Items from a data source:
================

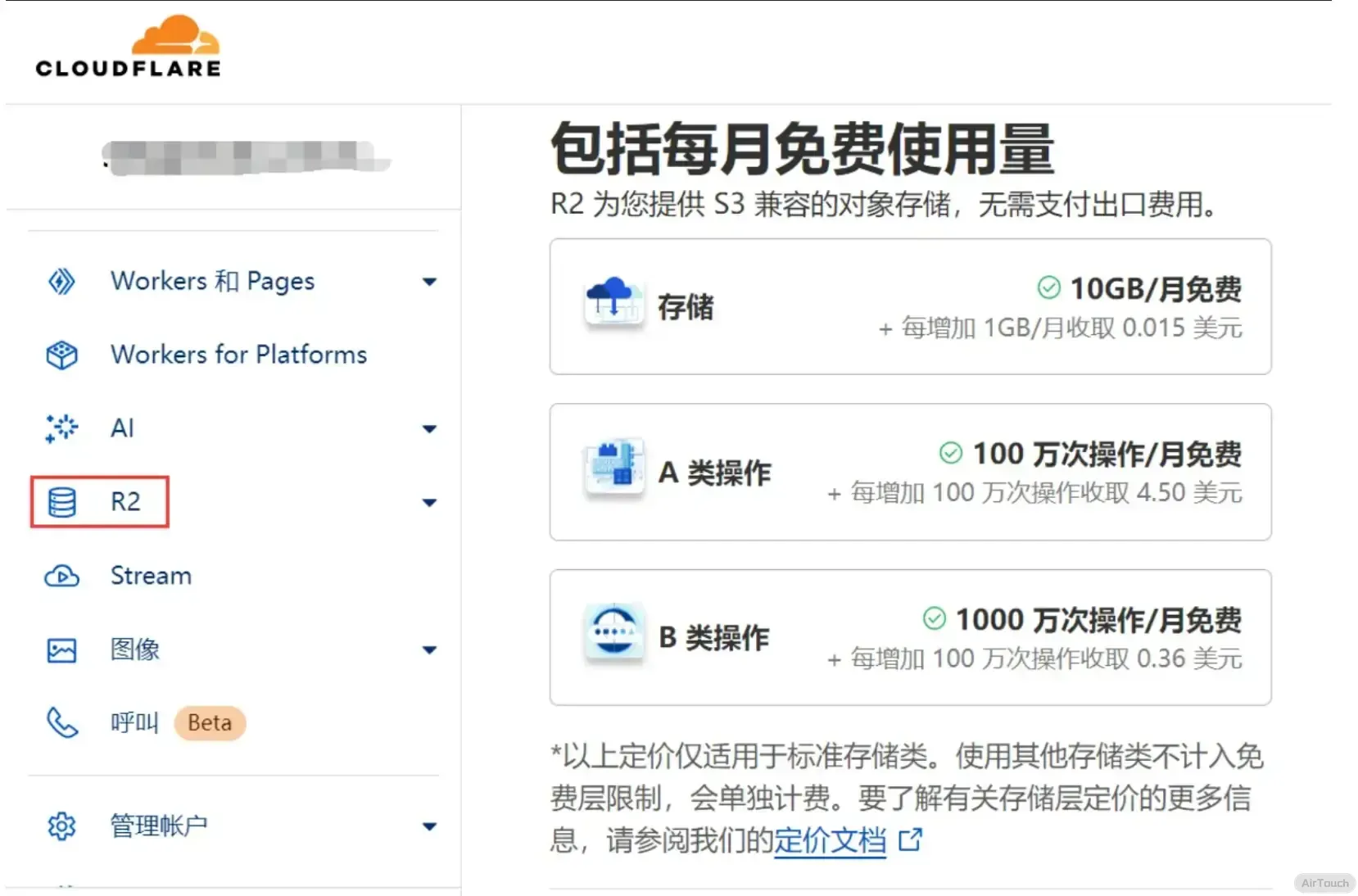 虽说是购买,但是我们的赛博大善人 Cloudflare 也给了相当多的免费额度,对于一个小博客来说绰绰有余。就算是超出了免费额度,续费也就一角钱一个G,相比腾讯云和阿里云的对象存储要便宜得多。
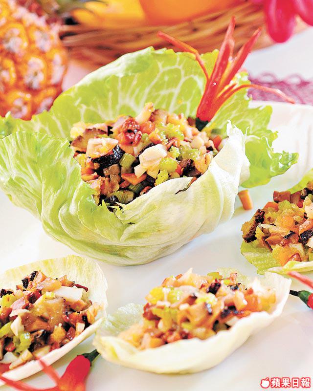 3.起鑊加少許油,用大火爆香冬菇、紅蘿蔔粒及馬蹄粒,加海參、鮑魚粒及雪耳炒香,再加蛋白粒、XO醬及芹菜粒,埋生粉水芡後熄火,放在生菜葉上便成。
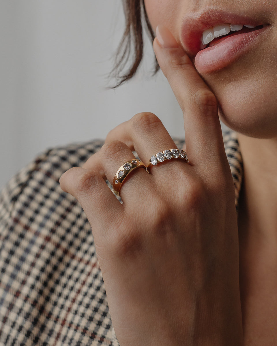 0.44 TCW Round, Pear & Asscher EF- VVS Diamond Bezel Wedding Band
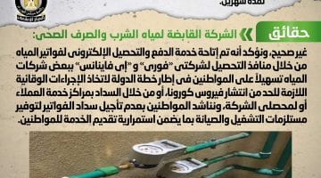 • الحكومة تنفي ما تردد حول تقسيط وتأجيل تحصيل فواتير مياه الشرب من المواطنين لمدة شهرين
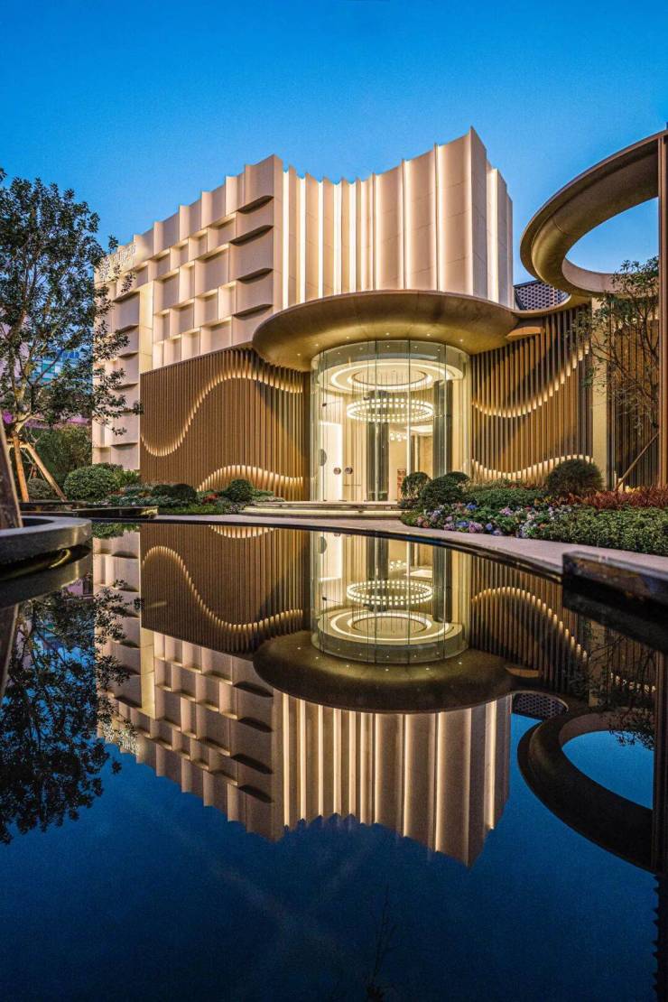 从踏入新世界·天馥销售中心的那一刻起,圆弧形的入庭水景,树影倒映水中,流水潺潺,让人忘忧。
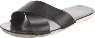Vince Leather Slides Black Crossover Straps Unfortunately, due to restrictions, this item may not be eligible for shipping in all areas.
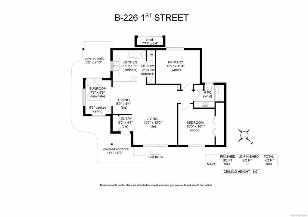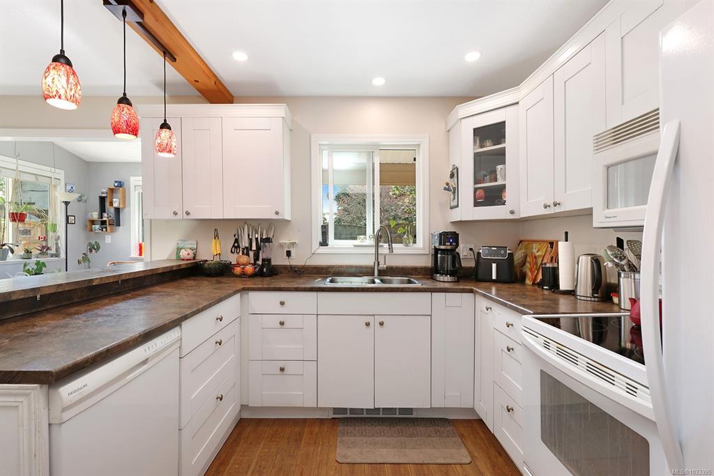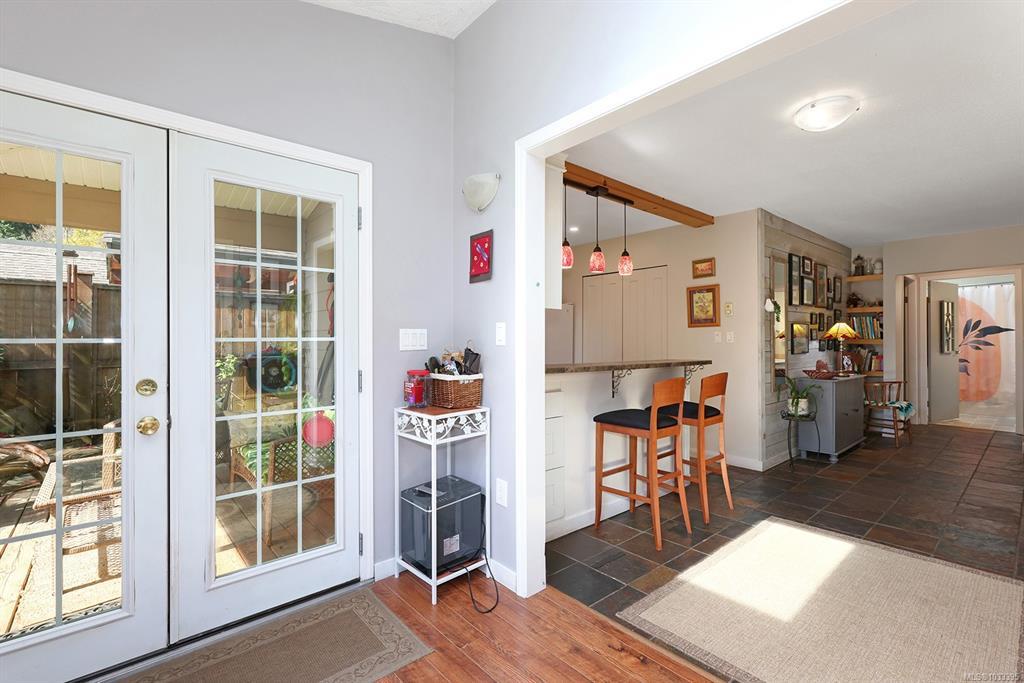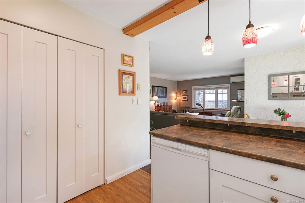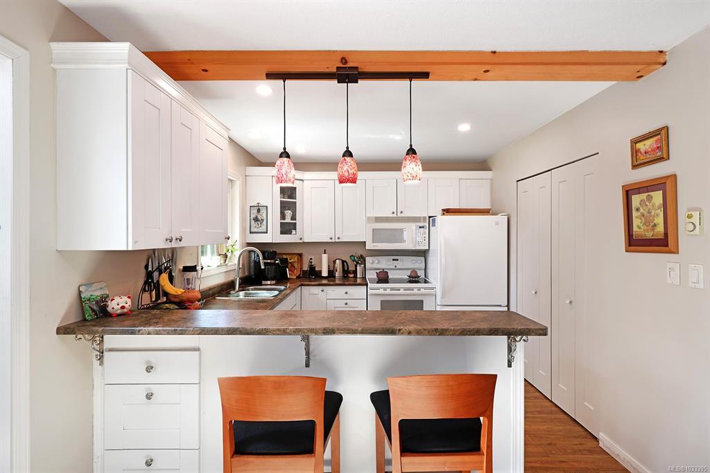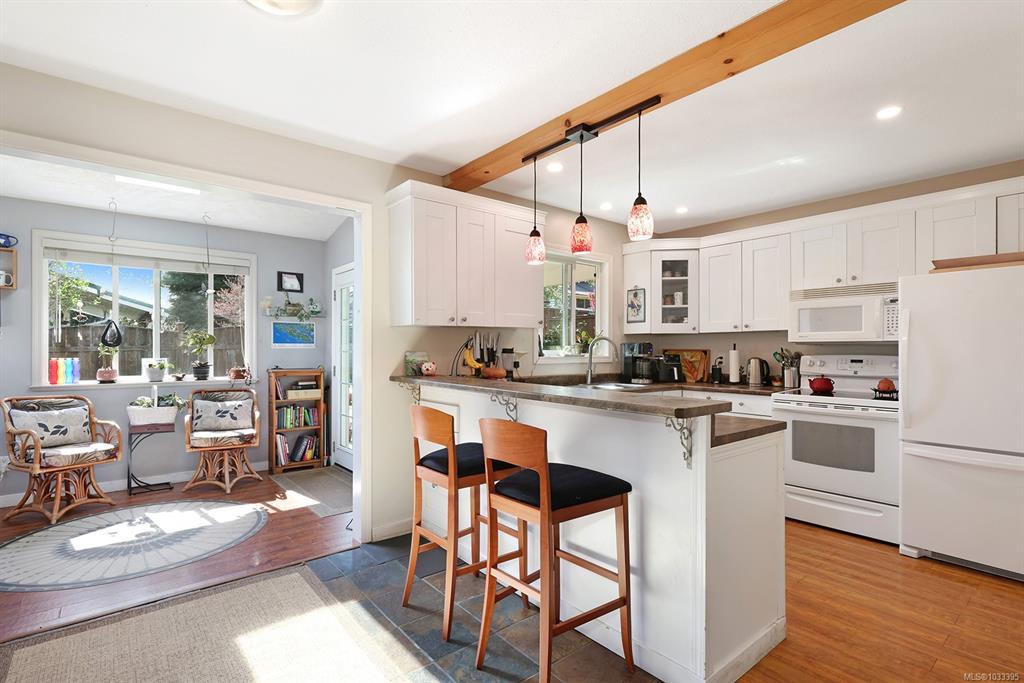 Old Orchard half duplex! Enchanting and simply adorable, streaming sunlight illuminates the sunroom w/ skylight and French doors to access the covered patio. Boasting 909 sf, 2 BD/ 1 BA, this home has been beautifully updated and renovated over the years, bright white modern kitchen w/ shaker cabinets and raised bar with seating, a large pantry closet with stacking washer/dryer. Slate tile flooring, Acacia hardwood flooring, West Coast inspired shiplap and exposed wood beam and open shelves create a comfortable space to entertain friends or enjoy the peaceful serenity of the tranquil gardens. Nestled in a private, fenced yard with access off Cliffe Ave, an easement on title allowing this owner direct access to this unit. Old Orchard, Courtenay’s heritage neighbourhood created in 1892, is a desirable location only 1-2 blocks from all the amenities - shopping, restaurants, pubs, and trails by the river. Split pump for A/C, murphy bed, new gutters, roof 7-8 yrs, Hardie 3 yrs.
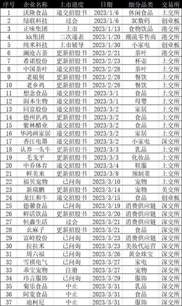 2023年一季度,根据蓝鲨研究院数据,排队上市的消费企业数量接近40家,既有澜沧古茶、德州扒鸡、紫林陈醋等享誉老字号,也有富岭股份、恒鑫生活等成立近20年的消费供应链企业,还有在2015年之后成立的KK集团、认养一头牛、青岛沃隆食品等新一拼网红品牌。需要注意的是其中不少企业都是出现大面积亏损、资金压力大的。
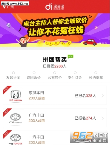 滴答滴app(拼团买车)是中国首个由电台主持人帮用户砍价的购车平台。在这里用户可以选择认定的车辆,然后点击拼团,这样就可以实现与其他人一起实现拼团买车的服务。在这里提供了便捷的汽车杀价服务,让用户都能够以低价购买的汽车。
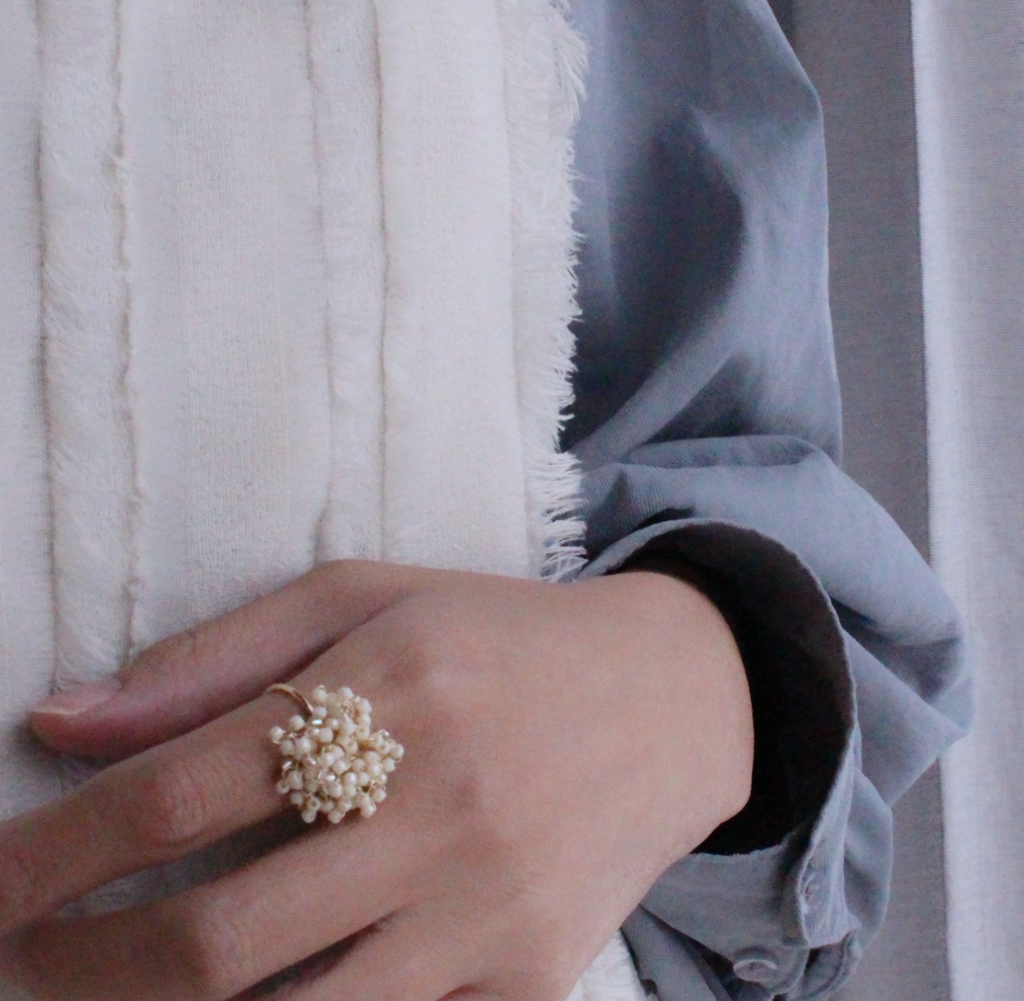 ビーズを丁寧に編み込んだflora ring
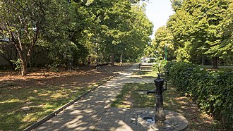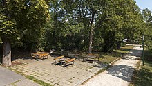 Gegenüber dem Unfallkrankenhaus erstreckt sich der Meidlinger Friedhof, dessen neuerer Teil hier einen Eingang hat.
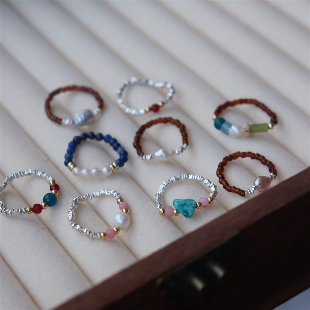 S925 Sterling Silver Bow Beaded Ring Women's Exquisite Sweet Cool Style Pearl Black Onyx Reflex Rope Finger Ring Niche
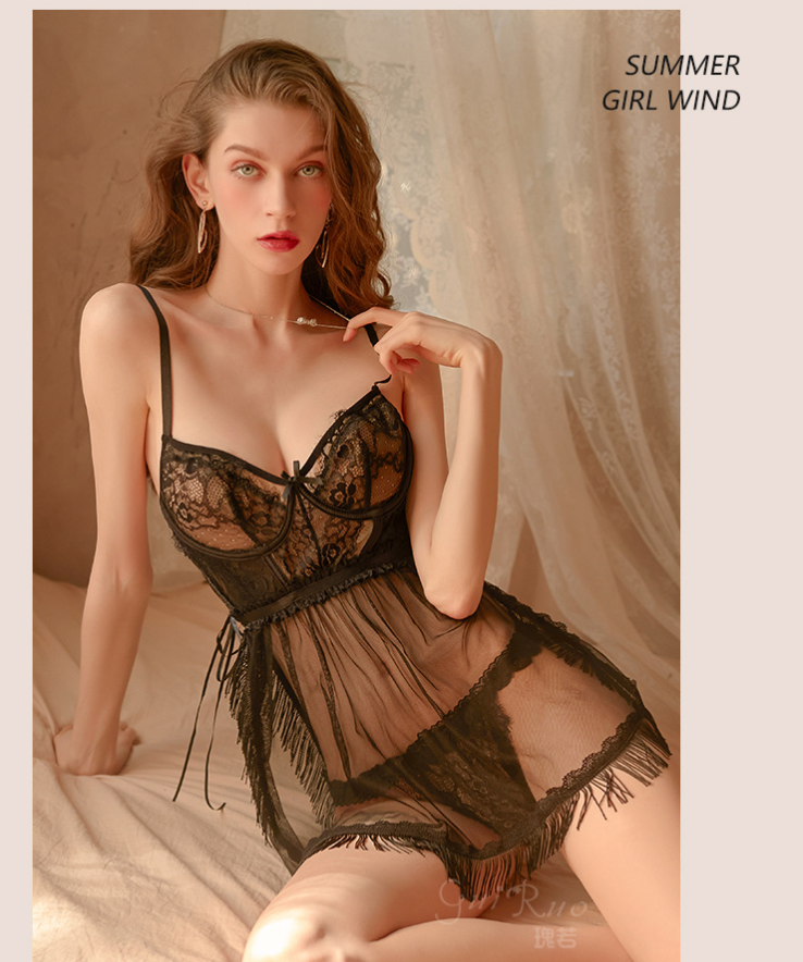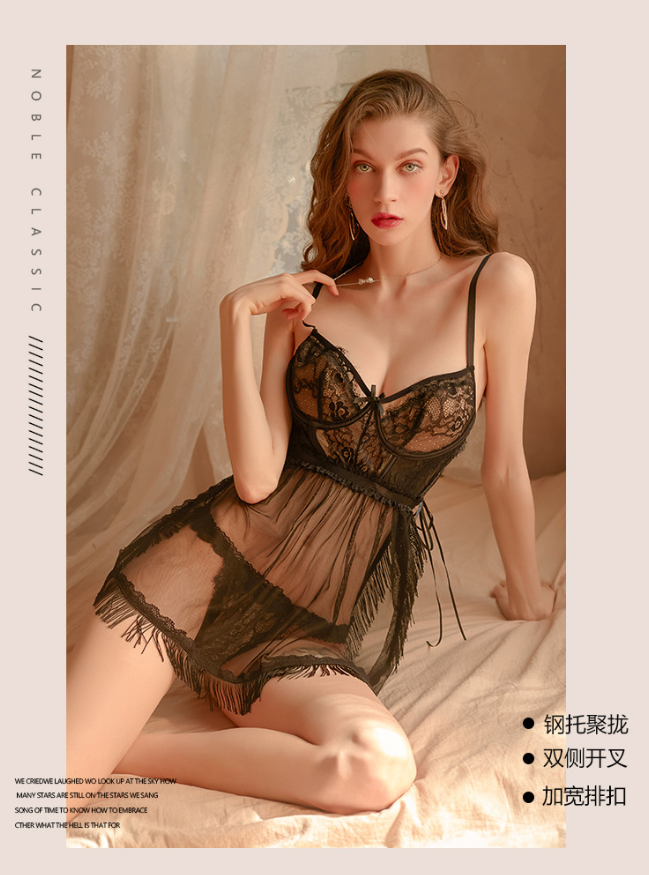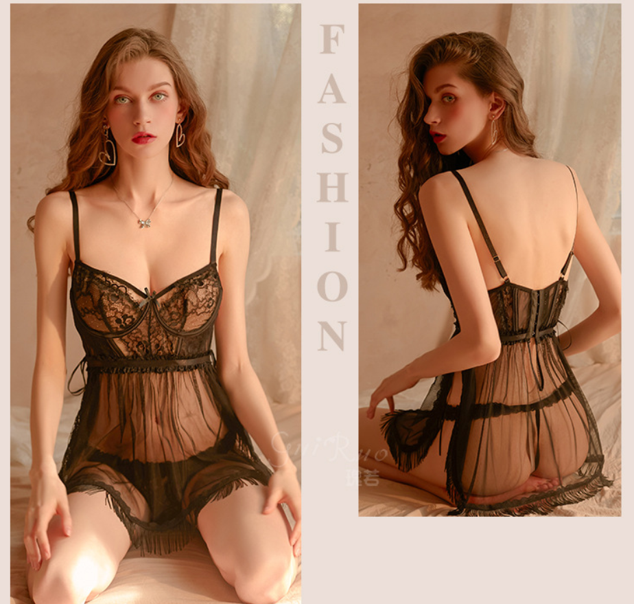 成人馆|魔法的纱梦低胸流苏吊带透视睡衣 2色选

================

[Problem description]: Reproduce the data exactly as it appears above. Pictures are to be left out.

[Completed task]:
 虽说是购买,但是我们的赛博大善人 Cloudflare 也给了相当多的免费额度,对于一个小博客来说绰绰有余。就算是超出了免费额度,续费也就一角钱一个G,相比腾讯云和阿里云的对象存储要便宜得多。
 3.起鑊加少許油,用大火爆香冬菇、紅蘿蔔粒及馬蹄粒,加海參、鮑魚粒及雪耳炒香,再加蛋白粒、XO醬及芹菜粒,埋生粉水芡後熄火,放在生菜葉上便成。
 0.44 TCW Round, Pear & Asscher EF- VVS Diamond Bezel Wedding Band
 • الحكومة تنفي ما تردد حول تقسيط وتأجيل تحصيل فواتير مياه الشرب من المواطنين لمدة شهرين
 从踏入新世界·天馥销售中心的那一刻起,圆弧形的入庭水景,树影倒映水中,流水潺潺,让人忘忧。
Vince Leather Slides Black Crossover Straps Unfortunately, due to restrictions, this item may not be eligible for shipping in all areas.
 Old Orchard half duplex! Enchanting and simply adorable, streaming sunlight illuminates the sunroom w/ skylight and French doors to access the covered patio. Boasting 909 sf, 2 BD/ 1 BA, this home has been beautifully updated and renovated over the years, bright white modern kitchen w/ shaker cabinets and raised bar with seating, a large pantry closet with stacking washer/dryer. Slate tile flooring, Acacia hardwood flooring, West Coast inspired shiplap and exposed wood beam and open shelves create a comfortable space to entertain friends or enjoy the peaceful serenity of the tranquil gardens. Nestled in a private, fenced yard with access off Cliffe Ave, an easement on title allowing this owner direct access to this unit. Old Orchard, Courtenay’s heritage neighbourhood created in 1892, is a desirable location only 1-2 blocks from all the amenities - shopping, restaurants, pubs, and trails by the river. Split pump for A/C, murphy bed, new gutters, roof 7-8 yrs, Hardie 3 yrs.
 2023年一季度,根据蓝鲨研究院数据,排队上市的消费企业数量接近40家,既有澜沧古茶、德州扒鸡、紫林陈醋等享誉老字号,也有富岭股份、恒鑫生活等成立近20年的消费供应链企业,还有在2015年之后成立的KK集团、认养一头牛、青岛沃隆食品等新一拼网红品牌。需要注意的是其中不少企业都是出现大面积亏损、资金压力大的。
 滴答滴app(拼团买车)是中国首个由电台主持人帮用户砍价的购车平台。在这里用户可以选择认定的车辆,然后点击拼团,这样就可以实现与其他人一起实现拼团买车的服务。在这里提供了便捷的汽车杀价服务,让用户都能够以低价购买的汽车。
 ビーズを丁寧に編み込んだflora ring
 Gegenüber dem Unfallkrankenhaus erstreckt sich der Meidlinger Friedhof, dessen neuerer Teil hier einen Eingang hat.
 S925 Sterling Silver Bow Beaded Ring Women's Exquisite Sweet Cool Style Pearl Black Onyx Reflex Rope Finger Ring Niche
 成人馆|魔法的纱梦低胸流苏吊带透视睡衣 2色选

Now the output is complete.